I have just done this. After 11 years, 2 children and banging my head against a brick wall hoping for change. Why not do it sooner? Well for all the usual cliches - for 'the sake of the kids', not wanting to break up a family. No one goes into a relationship and has children without believing that you will all be a family forever. The thought of shared access, shared Christmases Sad etc is devastating.

In my experience you have to have every ounce of love and respect shattered before you can be forceful enough to end it. Particularly if said man has never been abusive but is just lazy, irresponsible and selfish. You have to have exhausted every possible effort to change things.

And then eventually the time comes when the stability and security of the family home are not as important as your own personal well being. I would have had a breakdown if I had carried on any longer and then I am no good to my kids. So I packed up to leave - to Hell with the mortgage/house/who will get what in a court. Thankfully he showed the only bit of compassion I have seen in a long time and agreed to go so the kids wouldn't be uprooted.

I now have a long and difficult road ahead of me sorting out all the 'stuff' that goes with a breakup. I do however feel that a huge weight has been lifted. No amount of other people telling me to 'leave the bastard' did it though.

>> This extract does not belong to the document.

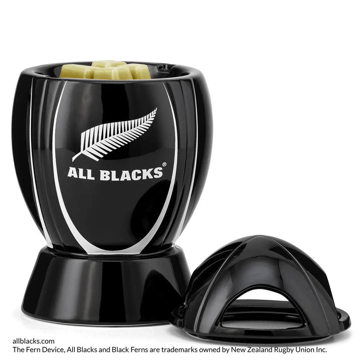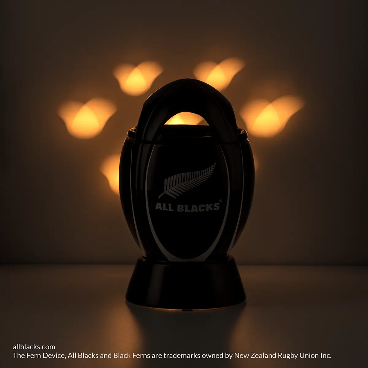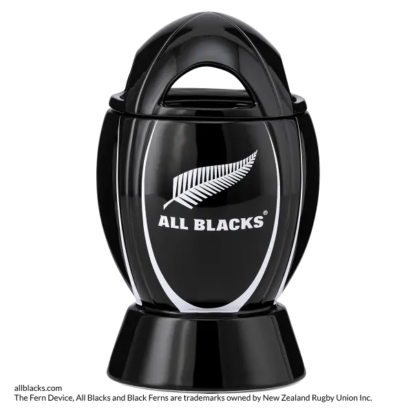 Show your team spirit with this rugby ball-shaped warmer — complete with the signature colors and silver fern of the All Blacks®.

It's something you can only do when you are mentally in the right place and so far beyond caring that anything would seem more appealing.

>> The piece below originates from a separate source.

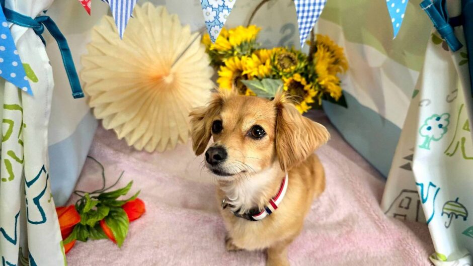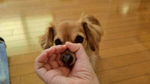 お試し入園のテオくんは、はじめての場所でもご褒美を食べてくれて他犬にもフレンドリー♪

akaemmafrost · 08/08/2012 19:37

Well mine was lovely, the perfect DP then the perfect DH until I was four months pregnant, when he turned into a complete pig, coinciding funnily enough with his first affair.

OP posts:
fuzzywuzzy · 08/08/2012 19:38

I'd empty the joint account of every last penny take the kids and leave...in fact I'd plan it so as to take the furniture and the fucking chutney too...

I'd then start procedures to sell the house and split proceeds according to needs ie mine and kids versus his own.

I know for a fact I would do that because I have lived in an abusive relationship and my life is worth more than that, more to the point my children deserve better!

akaemmafrost · 08/08/2012 19:40

waterwater you are right about the breakdown. I had one and it was hell. I kept thinking why didn't I get him out before this happened? Then when I started to pick up slightly, over a year later I promised myself I would get him out.

OP posts:
akaemmafrost · 08/08/2012 19:41

No joint account fuzzy he ran up tens of thousands of pounds worth of debt that I am paying off now.

OP posts:
fuzzywuzzy · 08/08/2012 19:42

Why are you paying it off? Is it in your name?

akaemmafrost · 08/08/2012 19:47

Joint names and he won't pay it. He moves round a lot and currently has no address so can't do anything about that right now.

OP posts:
fuzzywuzzy · 08/08/2012 19:52

Are you in the former marital home? are the debts linked to your property?